# Airborne Coin



## Bruce Monkhouse (7 Mar 2003)

While going through some old stuff this morning I found an Airborne Indoc. coin. Is there still a place somewhere that keeps track of these numbers? This coin has been in this box for at least 14 years and i‘m sure the rightful owner might appreciate it back after all this time, but I have no idea on who that person could be.


----------



## greeves (7 Mar 2003)

A good place to start may be the Canadian Airborne Forces Museum:

Canadian Airborne Forces Museum, The
Canadian Forces Base Petawawa, P.O. Box 9999 Station Main
Petawawa, Ontario
K8H 2X3
Site Location: Building P-51, CFB Petawawa
Telephone: 613-588-6238
Fax: 613-588-6446
E-mail: airbornereg@renc.igc.net

They might know who to contact.


----------



## Manimal (21 Jul 2005)

my brother gave me an old coin collections, and looking thru it, i found an airborne coin, i assume you get it when you finish the course.
i'd like to get it back to it's owner, but do i take it to the local armouries, or should i contact someone/where else about it?


----------



## PPCLI MCpl (21 Jul 2005)

If it is an Canadian Airborne Regiment coin, it should have the soldiers' name engraved on the back of it.


----------



## Bruce Monkhouse (21 Jul 2005)

Hmmm, I believe its just the number on the back  but the muesum in Pet has a list....[ I think]


----------



## Manimal (21 Jul 2005)

there is no name, but there is a number i think. (i don't have the coin with me now)

so call Pet?


----------



## Bruce Monkhouse (21 Jul 2005)

Can't hurt, ask for the Airborne museum during business hours.....


----------



## redleafjumper (21 Jul 2005)

This link posts lost and missing coins.

http://www.joedrouin.com/Airborne-ARAC.htm

It might be useful to post the information there.


----------



## George Wallace (21 Jul 2005)

Having worked at the Museum, I know that they don't have the numbers.  The above link given by redleafjumper is the best bet, as those coins are logged and ARAC has the log books in their possession.


----------



## Bruce Monkhouse (21 Jul 2005)

Thanks for clarifing that George. I was passing on info that was given to me a few years ago. [ the worst part is while moving I lost the coin that I had inquired about. Duh...


----------



## Krazy-P (22 Jul 2005)

i found an airborne coin once in a washing machine in the barracks, i was afraid to give it back for fear of the guy thinking i stole it and getting a beatdown.lol  but i did slip it under his door.


----------



## reccecrewman (2 Sep 2005)

LOL - Could go either way............. He'll either thank you for returning it or as you said, beat you


----------



## TOW II (23 Sep 2005)

As previously stated please contact the following whenever you find an* issued * Canadian Airborne regiment Challenge Coin.

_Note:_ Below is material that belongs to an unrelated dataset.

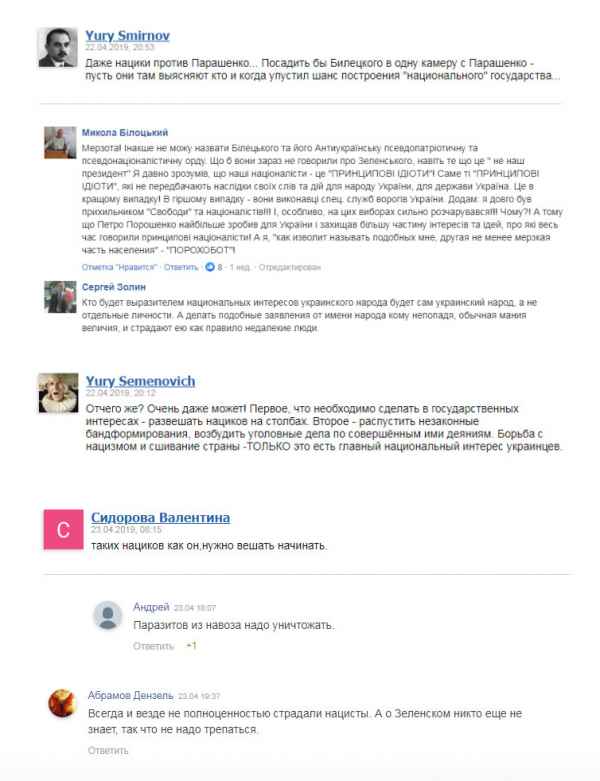 Приведу несколько комментов, отношение жителей незалежной к Билецкому и его упырям:

http://www.joedrouin.com/Airborne-ARAC.htm

Airborne Regiment Association Kit Shop/Magasin de l'Association du Régiment aéroporté
22 de Valcourt, Unit 10
Gatineau, QC, J8T 8G8
Telephone: (819) 568-6669
Fax: (819) 568-1074
E-mail/Courriel: airbornekitshop@sympatico.ca


----------



## geo (23 Sep 2005)

might as well close this thread down now...........

Chimo!


----------